9. Move Weight. Often merely moving people to the bow or stern, to raise the end of the boat that’s stuck, will help.
10. Look for Cowboys. You know those folks that you love to hate, who love to race by throwing huge wakes? Well sometimes they can get you off if the wake comes from the right direction and you’re under power waiting for them, and skillful enough to quickly maneuver off when you get the lift from the wave. Obviously this involves some risks, but we’ve seen many a grounded boat get off by hailing a larger boat and asking him to make several passes throwing healthy wakes. Be careful. Don’t ask for this if the bottom is very hard. Never have anyone standing outside the boat when the wakes come. The boat could rise and fall on their feet—or worse.
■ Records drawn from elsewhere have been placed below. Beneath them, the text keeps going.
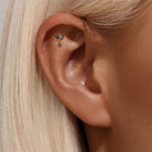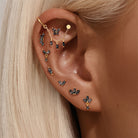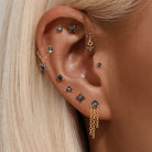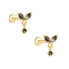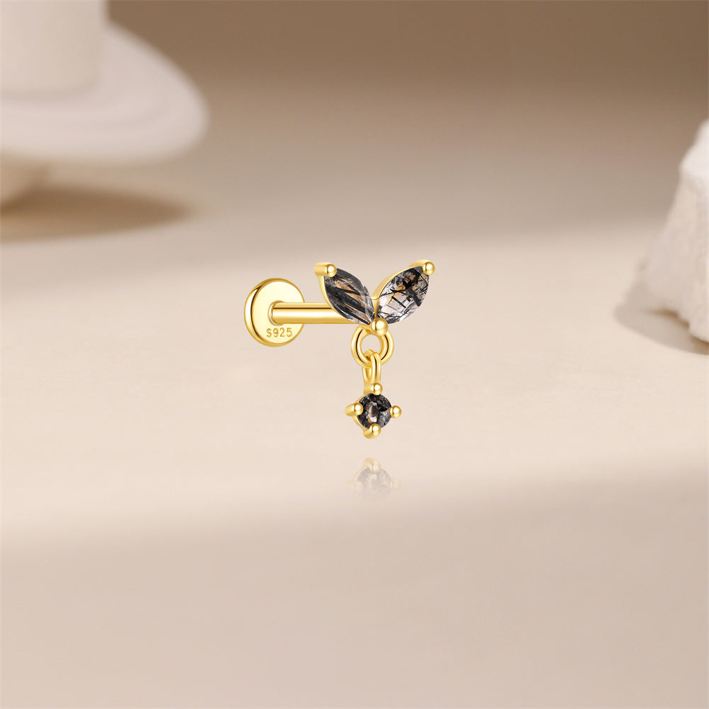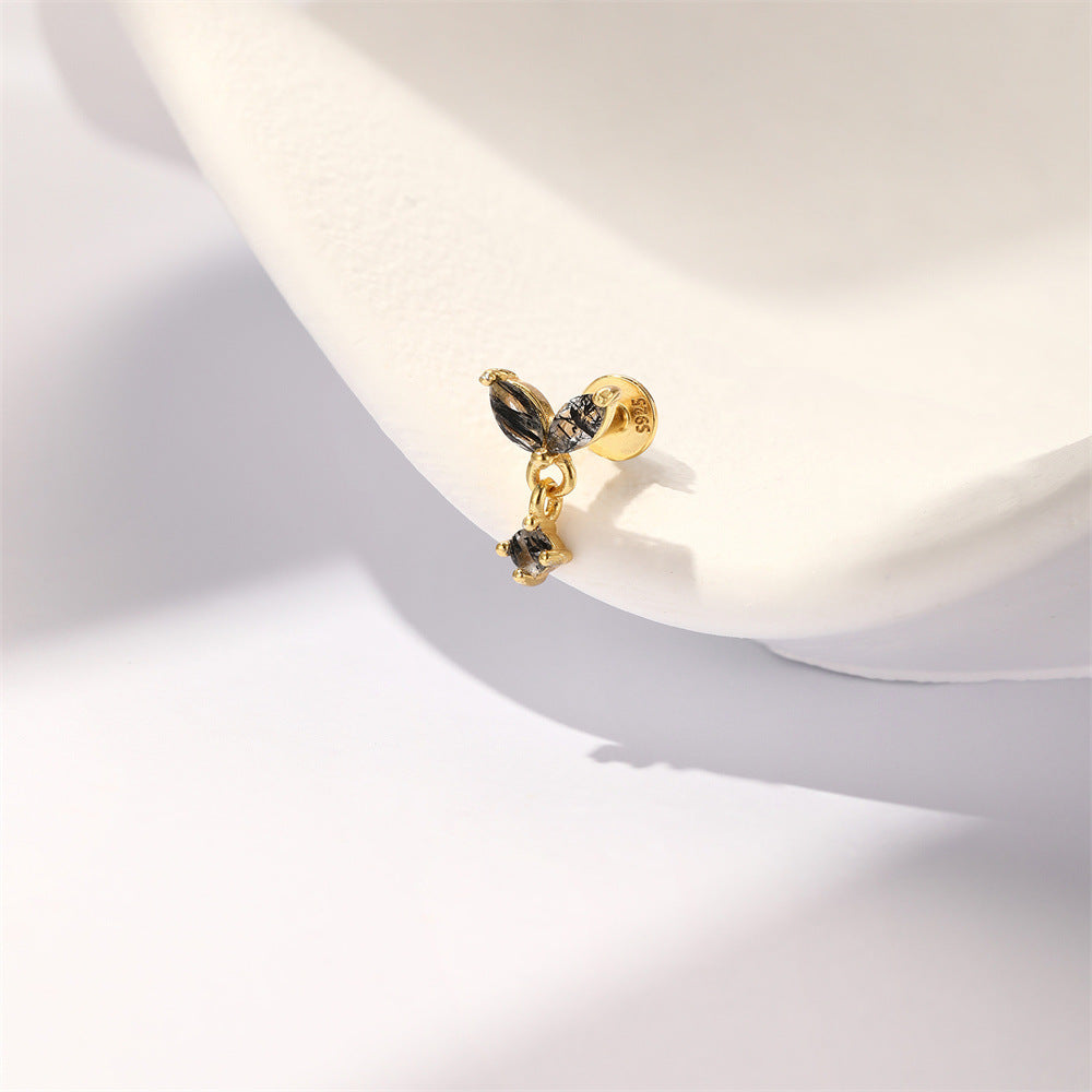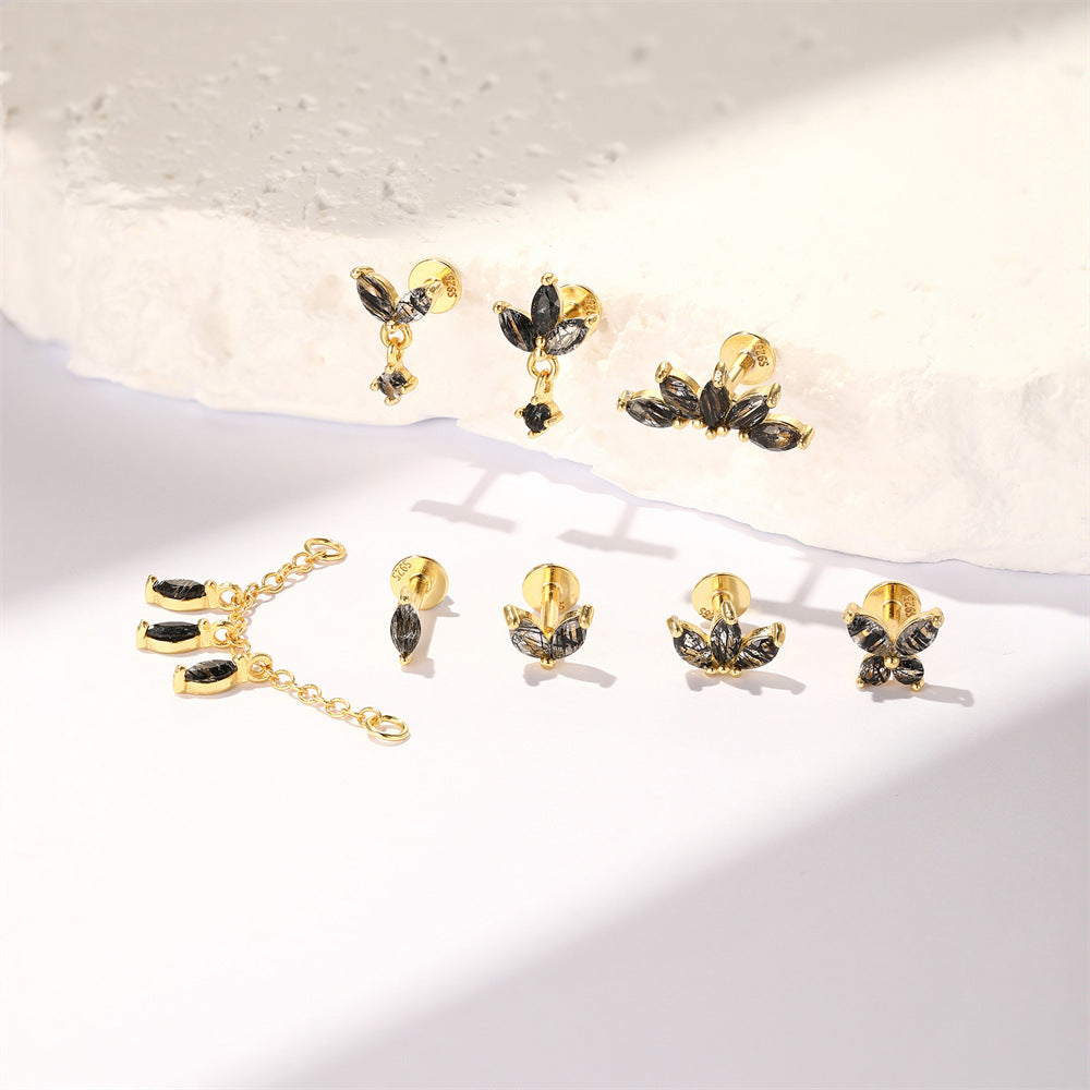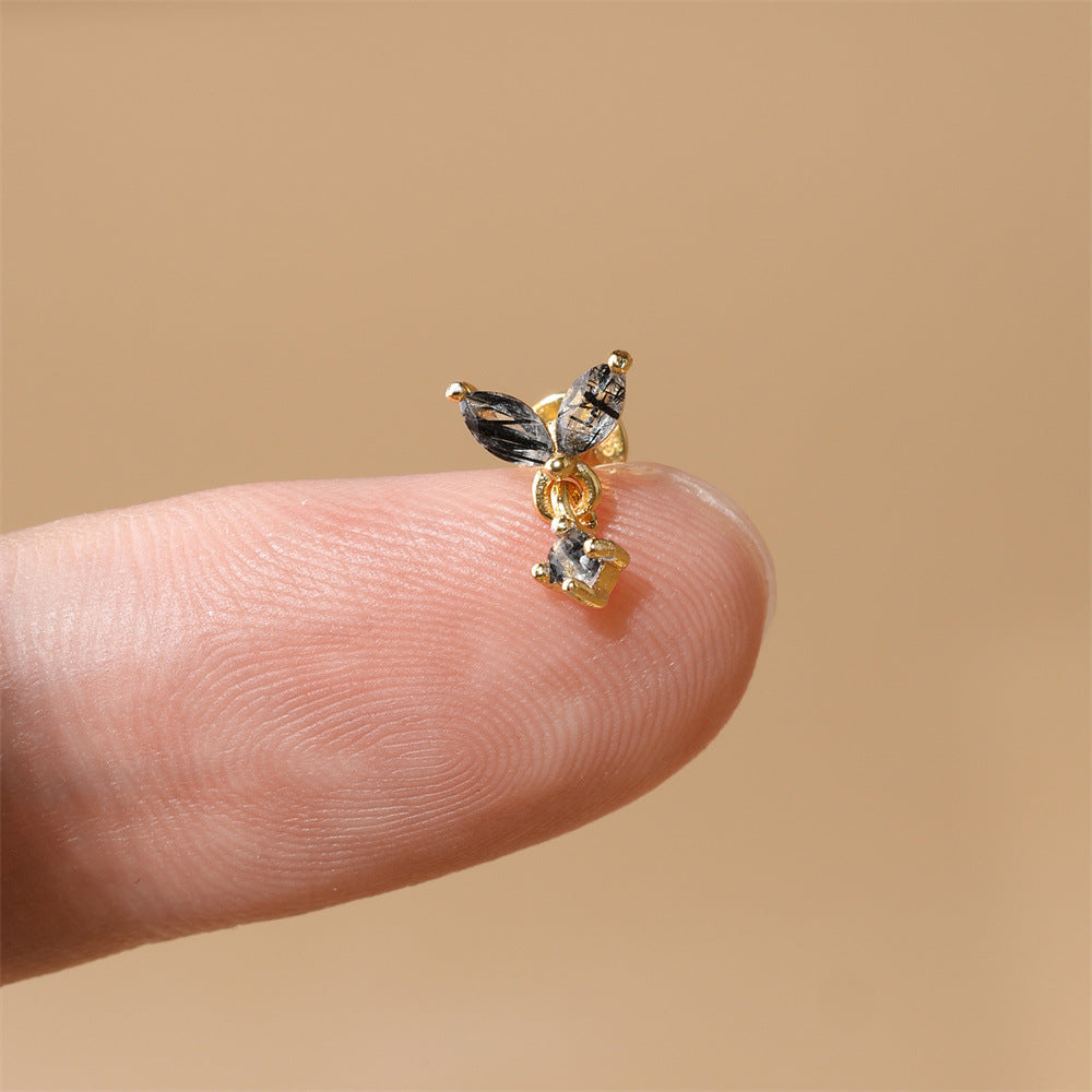 S925 Gold-Plated Butterfly-Shaped Flat Back Earrings Natural Black Hair Quartz Cartilage Studs with Chain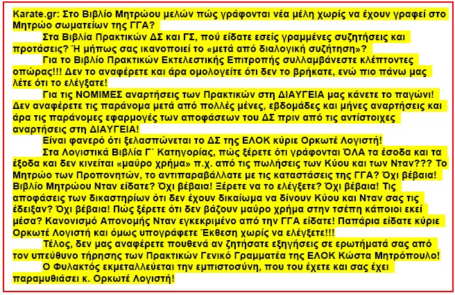 1.4 - Οι εξετάσεις Νταν των 30.000 € αποτελούν καραμπινάτη παρανομία της ΕΛΟΚ, διότι κατά ΠΡΩΤΟΝ με αυτές τις εξετάσεις και μόνο έχει εκτραπεί από το Σκοπό της και θα πρέπει να της αφαιρεθεί η Ειδική Αθλητική Αναγνώριση, διότι εξαπατούν τον κόσμο εκδίδοντας άχρηστα Νταν σε κωλόχαρτα μόνο και μόνο με πληρωμή χωρίς εξετάσεις! Κατά ΔΕΥΤΕΡΟΝ έχουμε και δεύτερη καραμπινάτη παρανομία, διότι εξετάσεις και αποτελέσματα πρέπει να γίνονται μετά από τις αντίστοιχες αποφάσεις του ΔΣ πράγμα που δεν γίνεται ΠΟΤΕ! Κατά ΤΡΙΤΟΝ, τα διπλώματα είναι απόλυτα προσωπικά και θα πρέπει να κόβονται αποδείξεις στο όνομα του κάθε εξεταζόμενου και νέου κατόχου Νταν με τα στοιχεία του και τον λόγο της παροχής υπηρεσιών και οπωσδήποτε ποτέ δεν χρεώνονται τα σωματεία!! Πώς εισπράττει τα λεφτά ο Μαφιόζος Ταμίας Θανάσης Φυλακτός??? Το πιθανότερο κατά ΤΕΤΑΡΤΟΝ είναι να τα εισπράττει με αποδείξεις στο όνομα συλλόγων και όχι ατόμων και με αιτιολογικό "οικονομική ενίσχυση για τους σκοπούς της ομοσπονδίας", πράγμα που σημαίνει ότι πάει σούμπιτος ΚΟΡΥΔΑΛΛΟ!!!
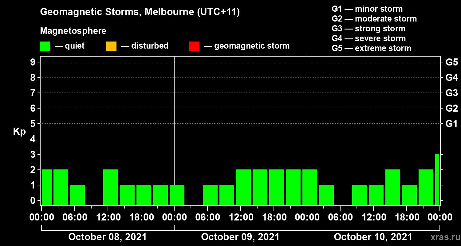 Geomagnetic storms in Melbourne on Oct 10, 2021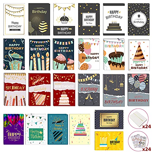 24 Pezzi Buon Compleanno Carte Con 24 buste, Biglietti di Compleanno, TOCYORIC Buon Compleanno Carte Multipack Biglietti di auguri con buste con design diverso
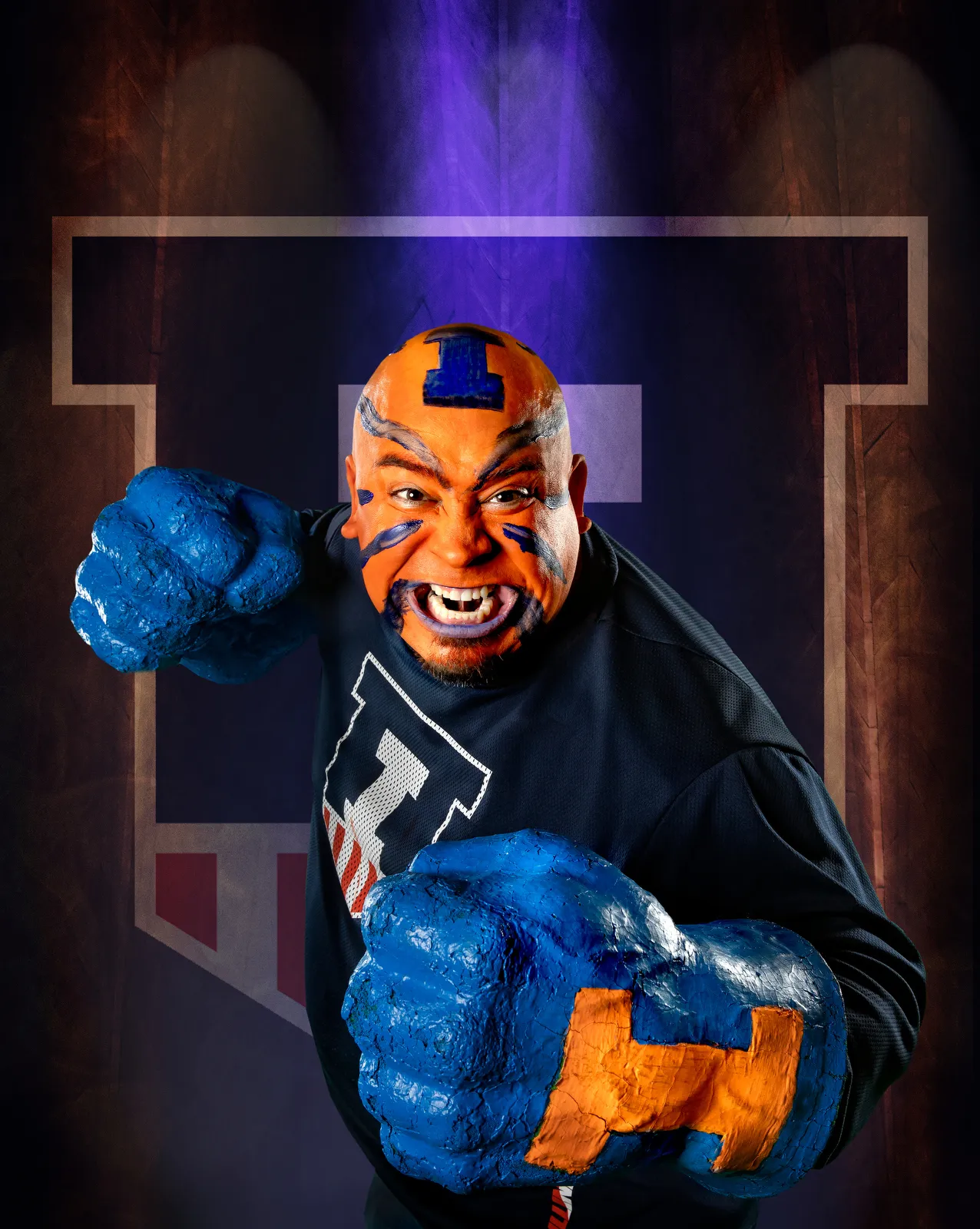 Ceasar Perez is best known to many as “Mr. Blue Hands,” the ultimate basketball fan in the stands. By day, Ceasar also excels, running the Toys for Tots program for the past 15 years, as well as formerly serving as a Marine in Somalia.
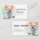This eye-catching business card features a joyful puppy with a colourful pastel watercolor background, creating a friendly and approachable design. Perfect for promoting your grooming services, it combines charm and professionalism to leave a lasting impression on clients. A delightful way to showcase your dedication to pet care!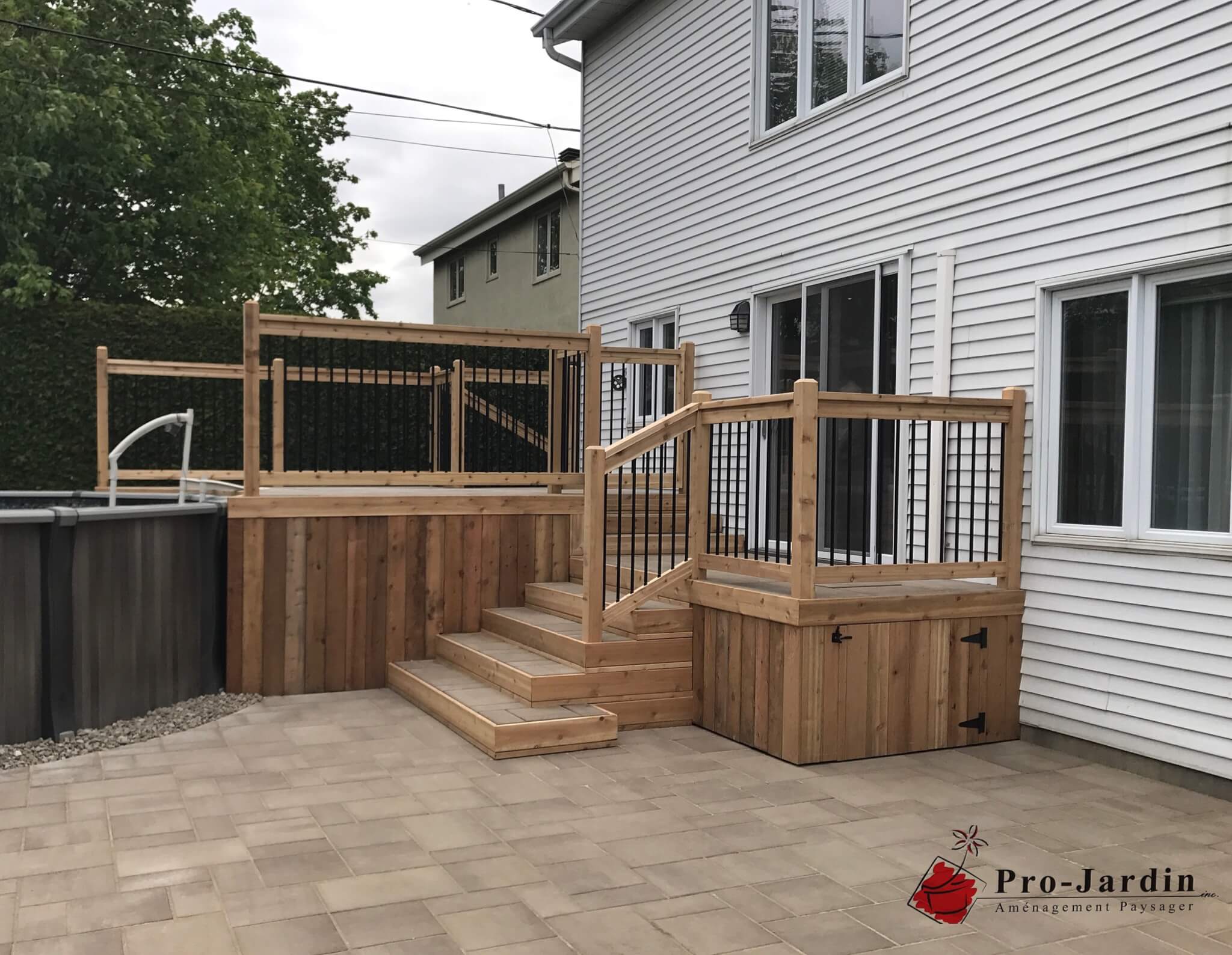 projet à boucherville avant et après réalisation d,une terrasse en bois et d’un patio en pavée uni terrasse pavé-uni réaliser par notre équipe de professionnel projardin pro-jardin paysagiste paysager aménagement paysagiste rive sud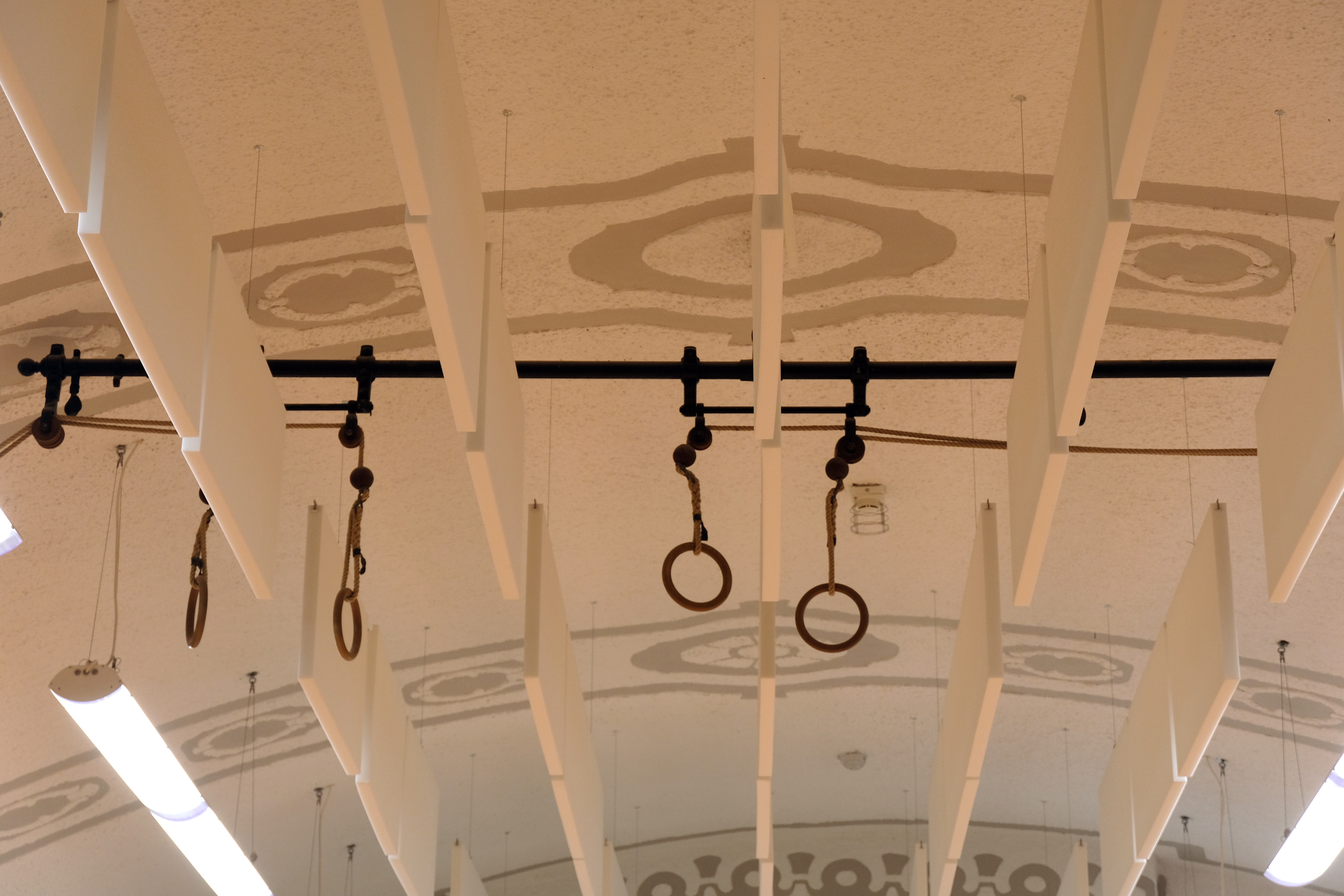 | Beschreibung | Ehem. Eichamt am Helmplatz - die noch im Original vorhandenen Turnringe im 2. OG, Jan. 2019 | ||

11. Wiggle. Often just motoring straight toward deeper water won’t do the trick. That slimy grip of mud and sand must be loosened. You may need to turn your rudder to left and right, wiggling the boat as you do so, to break loose.
12. Rock. While trying to motor off it often helps to have the people aboard move together from side to side to rock the boat.
13. Anytime you’ve been aground in sand or mud and used your engine to get off, you should assume that sand and/or silt has been sucked into the raw water side of the cooling system. This could damage the flexible impeller that’s used by most systems to force water through the cooling plumbing. The actual manifestation of the damage may occur soon, or much later. It’s a good idea to check the impeller before it checks you.
14. Hard bottoms, heavy seas, or approaching storms usually require different tactics. Often the best thing to do in those circumstances (and many others) is to immediately call for professional help, such as TowBoatUS, as well as trying to extricate yourself, if it is safe to do so. Always remember: personal safety is far more important than property damage. Anytime you’re aground, as is the case with so many other situations in boating, you’re facing certain risks and whatever you do will probably involve other risks. These tactics involve risks. It’ll be your job to decide whether they’re worth taking, weighing possible adverse consequences and risks of whatever you do, and weighing those risks against those of other actions or inaction.